Tuesday, March 16, 2010

Ex-servicemen draw first blood

Ex-servicemen draw first blood

Ex-servicemen draw first blood

TNN, Mar 15, 2010, 06.11am IST
BANGALORE: Last year, they gave away their bravery medals and this year, they signed in blood. Ex-servicemen from across the country intensified their movement for `one rank one pension' in the form of rallies and signing a memorandum with blood, which will be sent to the Prime Minister.

At a protest rally organized on Sunday, over 250 ex-servicemen from different parts of the state gathered to protest. Similar rallies were also held in Mangalore, Udupi, Karwar, Belgaum and other areas.

The resentment among ex-servicemen is so high that in case their request is not accepted, they will launch a fast-unto-death campaign in October.

"We had no other option but to sign in blood to show how dissatisfied we are with the system. We will ensure our efforts are noticed. Both the serviceman who retired earlier and the ones retiring now will have medical problems. In fact, the ones who had retired earlier will have more problems. But there is almost a 50% difference between our pension amount. Is it justified?" asked Lt Col (retired) M A Kariappa.

"Families of soldiers live in an environment not understood by civilians. There is separation from family at an early age, education of children is affected, and a soldier serves with dignity and takes whatever the government offers to them. But after retirement, we feel neglected. We realize the government doesn't respect our service. We were promised free medical treatment but we got nothing. There is hardly any encouragement to send our children to the forces," added Col (retired) H Shenoy.

"The UPA government is in the hands of the IAS. In the wars to save the country, the heads of soldiers have rolled. How many IAS officers have laid their lives? It is time our MPs realize it is for them to legislate these things and not get misguided by IAS officers. Ex-servicemen today are a neglected lot," said convener, IESM, South, Col SS Rajan. The memorandum signed in blood will be handed over to chief minister B S Yedyurappa on Thursday.

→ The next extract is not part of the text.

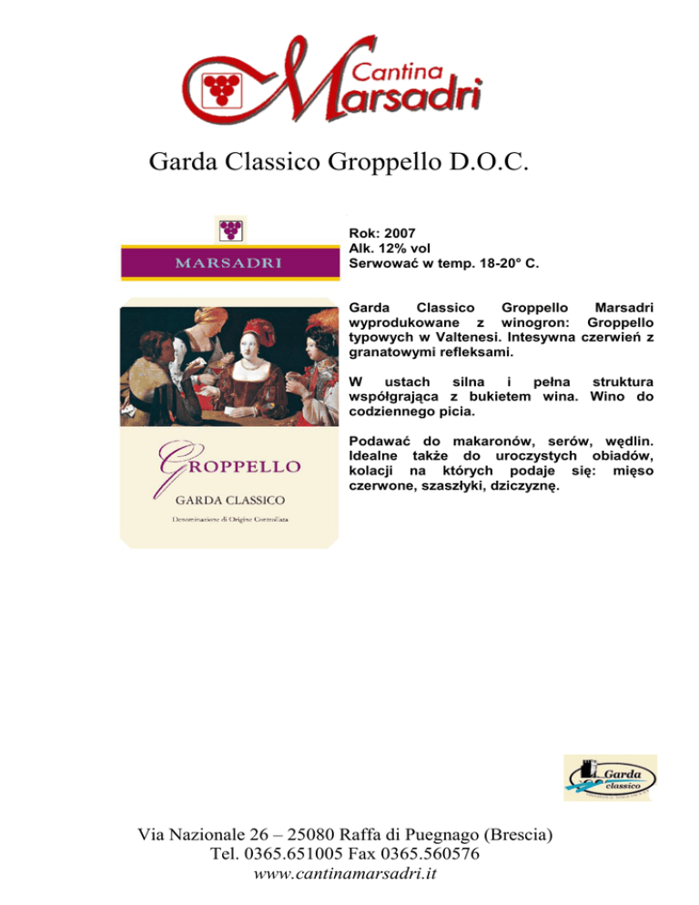 Garda Classico Groppello D.O.C. Rok: 2007 Alk. 12% vol Serwować w temp. 18-20° C. Garda Classico Groppello Marsadri wyprodukowane z winogron: Groppello typowych w Valtenesi. Intesywna czerwień z granatowymi refleksami. W ustach silna i pełna struktura współgrająca z bukietem wina. Wino do codziennego picia. Podawać do makaronów, serów, wędlin. Idealne także do uroczystych obiadów, kolacji na których podaje się: mięso czerwone, szaszłyki, dziczyznę. Via Nazionale 26 – 25080 Raffa di Puegnago (Brescia) Tel. 0365.651005 Fax 0365.560576 www.cantinamarsadri.it Garda Classico Chiaretto D.O.C. Rok: 2008 Alk. 12% vol Serwować w temp. 12° C Garda Classico Chiaretto Marsadri wyprodokowane z kilku rodzaji winogron: Groppello, Marzemino, Barbera, Sangiovese. Podczas produkcji, krótki kontakt skórki moszczowej w fermentacji pozwoli na otrzymanie koloru różanego z odcieniem rubinu. Charakterystyczny przyjemny, świeży smak owoców leśnych. Proponowane do ryb, ślimaków, białego mięsa, serów. Idealne jako aperitif oraz do przystawek. Via Nazionale 26 – 25080 Raffa di Puegnago (Brescia) Tel. 0365.651005 Fax 0365.560576 www.cantinamarsadri.it Garda Classico Rosso D.O.C. Rok: 2007 Alk. 12% vol Serwować w temp. 18-20° C. Garda Classico Rosso Marsadri wyprodukowane z kilku rodzaji winogron: Groppello, Marzemino, Barbera, Sangiovese. Wino rześkie o kolorze lśniącego rubinu. Długi wytrawny finisz o guście migdałów. Proponowane do potraw duszonych, z czerwonego mięsa, pieczeni. Via Nazionale 26 – 25080 Raffa di Puegnago (Brescia) Tel. 0365.651005 Fax 0365.560576 www.cantinamarsadri.it Lugana D.O.C. Rok: 2007 Alk. 12,5% vol Serwować w temp. 8° C. Lugana DOC Marsadri produkowane z winogrn szczepu Trebbiano, pochodzącego z winnic Lugana. Wino o lekkim słomkowym kolorze, przetykanym zielonymi refleksami. Delikatne, wytrawne, aromatyczne, świeże. Doskonałe z lekkimi przystawkami, pierwszymi daniami złóżonymi głównie z makaronów. Dobre w połączeniu z rybami i skorupiakami. Via Nazionale 26 – 25080 Raffa di Puegnago (Brescia) Tel. 0365.651005 Fax 0365.560576 www.cantinamarsadri.it Bianco di Custoza D.O.C. Rok: 2007 Alk. 12% vol Serwować w temp. 10-12° C. Bianco di Custoza Marsadri wyprodukowane z kilku rodzaji winogron: Trebbiano, Garganega, Tocai, Cortese. Piekny kolor słomkowy, aromatyczne, miękkie, orzeźwiające o przyjemnym zakończeniu. Doskonałe do pierwszych dań, ryb, grila, białego mięsa. Via Nazionale 26 – 25080 Raffa di Puegnago (Brescia) Tel. 0365.651005 Fax 0365.560576 www.cantinamarsadri.it Vino da Tavola Grappolo Via Nazionale 26 – 25080 Raffa di Puegnago (Brescia) Tel. 0365.651005 Fax 0365.560576 www.cantinamarsadri.it Garda Classico Groppello Brolo D.O.C. Rok: 2007 Alk. 12,5% vol Serwować w temp. 18-20° C. Garda Classico Groppello Brolo wino wyprodukowane ze szczepu Groppello pochodzącego znad Jeziorą Garda. Intensywna czerwień z granatowymi refleksami. W ustach welwetowe, świeże, aromatyczne, długa intensywna końcówka. Wspaniałe jako wino codzienne, ale z powodzeniem może być bohaterem uroczystej kolacji. Idealne do makaronów, wędlin, seró, dziczyzny, czerwonego mięsa. Via Nazionale 26 – 25080 Raffa di Puegnago (Brescia) Tel. 0365.651005 Fax 0365.560576 www.cantinamarsadri.it Garda Classico Chiaretto Brolo D.O.C. Rok: 2008 Alk. 12% vol Serwować w temp. 12° C. Garda Classico Chiaretto Brolo wyprodukowane z kilku rodzaji winogron: Groppello, Marzemino, Barbera, Sangiovese. Podczas produkcji, krótki kontakt skórki moszczowej w fermentacji pozwoli na otrzymanie koloru różanego z odcieniem rubinu. Charakterystyczny przyjemny, świeży smak owoców leśnych. Proponowane do ryb, ślimaków, białego mięsa, słodkich serów. Schłodzone idealne jako aperitif oraz do przystawek. Via Nazionale 26 – 25080 Raffa di Puegnago (Brescia) Tel. 0365.651005 Fax 0365.560576 www.cantinamarsadri.it Garda Classico Rosso Brolo D.O.C. Rok: 2007 Alk. 12% vol Serwować w temp. 18-20° C. Garda Classico Rosso Brolo wyprodukowane z kilku rodzaji winogron: Groppello, Marzemino, Barbera, Sangiovese z regionu Valtenesi. Kolor lśniącego rubinu. Wino o mocnym guście, pozostawiącym długą końcówkę wypełnioną aromatem migdału. Tworzy idealne połączenie z czerwonym mięsem, pieczenią, serami pleśniowymi, mięsem duszonym. Via Nazionale 26 – 25080 Raffa di Puegnago (Brescia) Tel. 0365.651005 Fax 0365.560576 www.cantinamarsadri.it Lugana Brolo D.O.C. Rok: 2007 Alk. 12,5% vol Serwować w temp. 8° C. Wino Lugana Brolo DOC Marsadri wyprodukowane z winogron szczepu Trebbiano pochodzącego z winnic Lugana. Barwa słomkowa z zielonymi refleksami. Wino wytrawne, na podniebieniu świeże, delikatne aromatyczne. Doskonałe do potraw na bazie ryb, białego mięsa. Via Nazionale 26 – 25080 Raffa di Puegnago (Brescia) Tel. 0365.651005 Fax 0365.560576 www.cantinamarsadri.it Garda Classico Rosso Superiore Brolo D.O.C. Rok: 2005 Alk. 13,5% vol Serwować w temp. 18-20° C. Garda Classico Rosso Superiore Marsadri wyprodukowane z kilku rodzaji winogron typowych z regionu Valtenesi: Groppello, Marzemino, Barbera, Sangiovese. Piękny głęboki rubinowy kolor z odcieniami brązu. W ustach welwetowe. Aromatyczne wino z delikatnymi dębowymi taninami. Doskonały dodatek do tradycyjnych potraw z regionu Bresci (Jezioro Garda). Swietnie komponuje się z mięsem czerwonym, duszonym, dziczyzną oraz z serami dojrzałymi jak i pleśniowymi. Otworzyć pół godziny przed degustacją. Via Nazionale 26 – 25080 Raffa di Puegnago (Brescia) Tel. 0365.651005 Fax 0365.560576 www.cantinamarsadri.it Garda Marzemino Brolo D.O.C. Rok: 2007 Alk. 12% vol Serwować w temp. 16° C. Garda Marzemino Brolo Marsadri wyprodukowane z kilku rodzaji winogron typowych z regionu Valtenesi: Marzemino. Via Nazionale 26 – 25080 Raffa di Puegnago (Brescia) Tel. 0365.651005 Fax 0365.560576 www.cantinamarsadri.it Garda Pinot Grigio Brolo D.O.C. Rok: 2007 Alk. 12% vol Serw

Many of these ex-soldiers have worked in difficult conditions, high-altitude locations, and have lost friends in war and are handicapped due to battle injuries.

"We haven't served any less. We have gone to every difficult area... I had a bypass surgery, and my one kidney had failed. But soldiers don't cry," said Brigadier J S Narasimhan, one of the senior-most officers in the group, who had given up his Ati Vishisht Seva Medal (AVSM) last year.

"I was part of the 1971 war in West Pakistan. I have seen my colleagues die, their legs blown off by land mines. We have great attachment with each other. But now I wonder how are people valuing the service," complained Lt Col (retired) S N Devdas.

The ones in lower ranks, such as the hawaldars, are the worst-affected. Their pensions are meagre and they sometimes can't find new jobs. This 81-year-old ex-hawaldar R Narayan gets Rs 5,561 as pension. "I have participated in two wars. Is this enough pension for me to survive? My wife passed away due to cancer. I don't want to be a burden on my daughter," he said.